There are many gaps that stand between the mind of the modern reader and the intention of the ancient authors. Here I will focus on three main gaps, the cultural gap, the language gap, and the appropriation gap. The cultural gap has to do with the types of stories where the modern reader is left scratching their heads about what in the world is going on. As modern people this is often experienced when we read the Old Testament. Sometimes we get so confused that we become functional Marcions and do not even bother to read what God revealed in the Old Testament. It is hard in some portion to understand what is going on. Why, in Judges 11:37 does Jephtah’s daughter need to go up into the mountains, and mourn because she will die as a virgin? To the modern reader, that is weird. It is okay to admit that something we read is weird, but do not stop there. Dig, read a commentary. What was life like back then? Why did the author include this?
The next gap is the language gap. This may come as a surprise to some, but the Bible was not written by King James in 1611. It was not even written in English! The Bible was written in Hebrew, Aramaic, and Greek. While a good English translation can get you very far in the field of biblical exegesis, you will be lacking without an understanding of the original languages. If you want to do any kind of meaningful exegesis you will have to interact with the original languages at some point. While I personally wish that every Christian would at least learn Koine Greek (the Greek of the NT), realistically I know this will not happen. It is hard and many do not see it to be very important anyways. If you do not understand something because it may be encoded deeper in the syntax of the original languages, there are many good commentaries that will help you find those things out. Or ask your local Greek-loving pastor.

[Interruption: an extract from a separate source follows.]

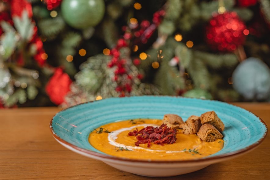 Σούπα γλυκοπατάτας βελουτέ με crispy παστράμι από τον Θανάση Καραΐνδρο
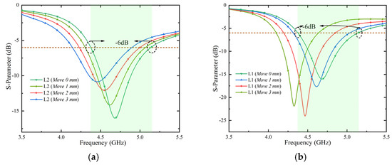 In addition, the effect of the distance between the two short slots (L1 and L2) on the impedance bandwidth has been studied, as shown in Figure 2b. The result in Figure 4a shows that moving L2 to the right will lower the frequency and reduce the impedance matching. Figure 4b shows that moving L1 to the left also lowers the frequency. The two simulation results show that the resonance length of L3 can be changed by adjusting the distance of L1 and L2, and that the resonance frequency can be shifted. By comparing the simulation results, the effect is the best when the distance between L1 and L2 is shown in Figure 2a front view. The target of our proposed IFAS is to cover the 4.4~5.0 GHz operating bandwidth.

The final gap is the appropriation gap. This has to do with application. Again, where many people run into problems is in the Old Testament. How do I apply the phrase; “do not boil a baby goat in its mother’s milk”? That is weird! But attempt to bridge the gap, look at the context around it, find out what it means. However, do not go so far over the gap that you create another gap and over apply the biblical text. It is absolutely possible to apply the Bible in a way that it was never meant to be applied. Be careful and cautious, proper interpretation before your application will assist in proper application of a passage.
General Principles for Good Hermeneutics
In this short article, here are some general principles that will assist in your journey through biblical interpretation.
1. Observe. This may seem like a very simple step, but do not discount the benefits of simply observing what is going on in the text. Gather information first.
2. Interpret. Now that you have all of the information, begin to find out what it actually means. Check context surrounding the passage, check outside sources, cross reference other texts and define tough terms with the Bible’s own words. Andreas Köstenberger often says, “the Bible is it’s own commentary.” And I could not agree more. Find textual connections, do word studies. Figure out how the Bible defines terms, not how the culture you are currently in defines terms.
3. Ask good questions. This is part of the interpreting step. Ask questions that may come up as you read the text. When you answer one you may have another and it will push you deeper into the text.
4. Apply the text. After finding the meaning, and gathering information, now move onto application. Your application of the text should come out of your interpretation, not the other way around.
5. Be consistent. As you read through your Bible, use consistent principles throughout the entire canon. When you get uncomfortable, do not start reading the Bible differently so that you are comfortable. Pray, ask for wisdom and help from the Spirit, and push your nose into the text until your mind conforms to what God has said in His Word.